Mme Sandrine Dogor-Such (RN). La proposition de résolution qui nous est soumise aujourd’hui appelle de notre part une vigilance particulière tant sur le plan juridique que sur le plan politique. Arrivée d’Europe centrale, la communauté gitane s’installe à Perpignan au début du XVe siècle. Peuples nomades, ils se sont sédentarisés au cours des siècles et leur histoire touche le cœur des Perpignanais depuis très longtemps. Aujourd’hui, la communauté gitane a une implantation particulièrement importante, dans le quartier Saint-Jacques, au cœur du centre-ville.

Pour en venir au texte, sur le fond, le Rassemblement National soutient la reconnaissance du génocide subi pendant la Seconde guerre mondiale par l’ensemble des peuples nomades, qui ont payé un très lourd tribut face à la barbarie nazie. Citoyens dans leurs pays respectifs, leur mode de vie a induit des fragilités sociales qui en font des victimes toutes désignées. Pour preuve, l’existence à Auschwitz d’un « camp des Tziganes » spécifiquement réservé à ces populations illustre ce lourd héritage.

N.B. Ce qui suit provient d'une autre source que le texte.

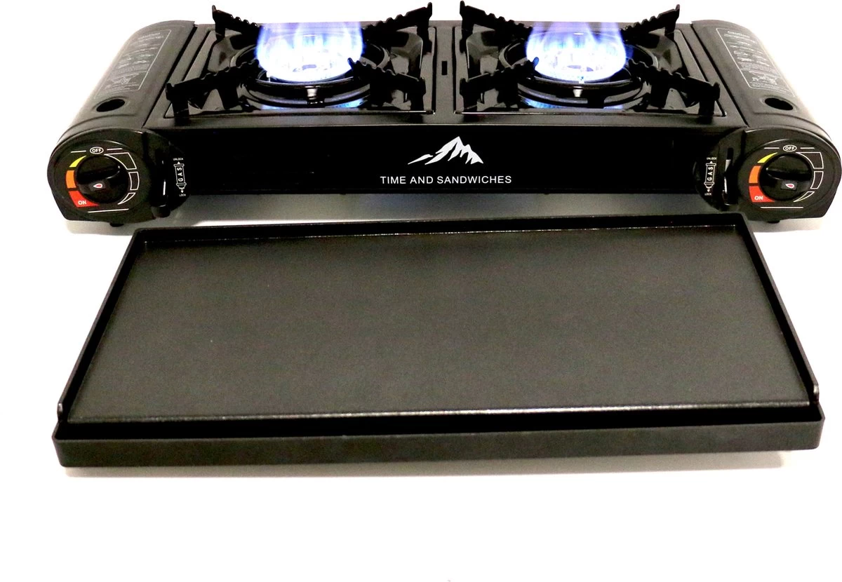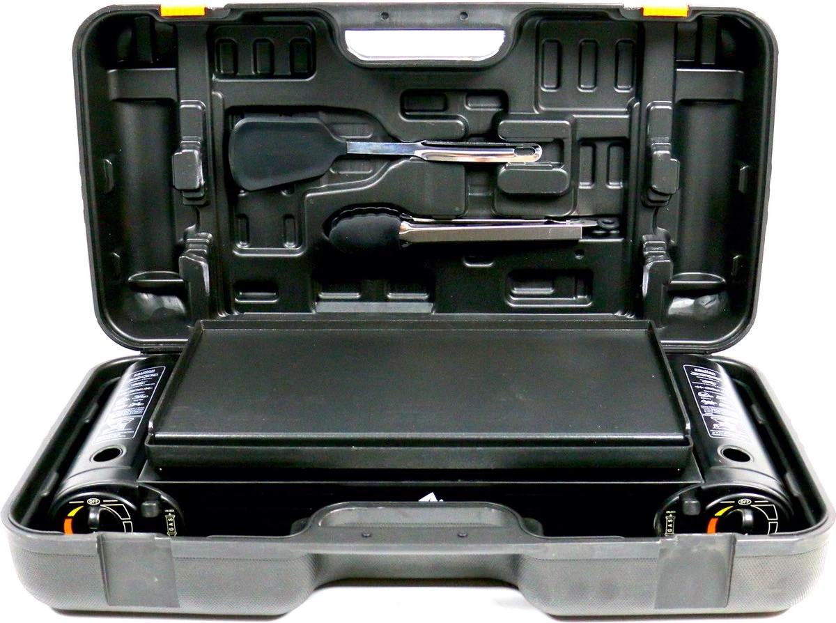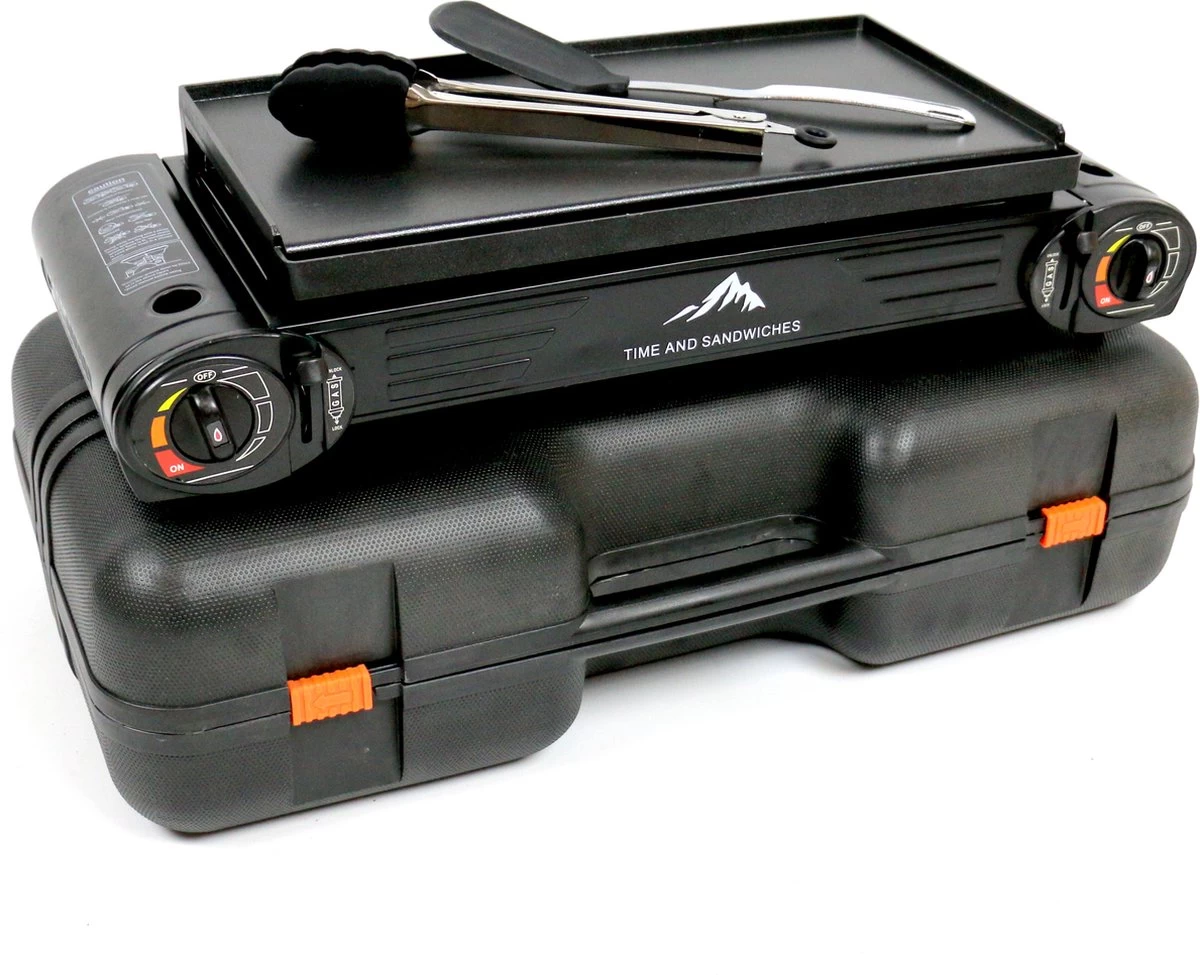 T&S – Draagbaar Dubbel Gasvuur Met Grillplaat En Transportkist – Camping Kooktoestel – Kookstel – Bakplaat – Gasfornuis – 2 Pits – Elektrische Ontsteking – Kookvuur – Kampeer Vuur

Sur la forme, derrière l’intention mémorielle légitime, plusieurs dérives sont préoccupantes. L’inflation mémorielle et la multiplication des commémorations nationales, ainsi que l’instrumentalisation politique au niveau européen. La souveraineté abdiquée par la Chambre des députés lors du vote du 10 juillet 1940 était inaliénable. Je rappelle qu’elle n’appartient qu’au peuple français qui n’a jamais voté pour l’État français.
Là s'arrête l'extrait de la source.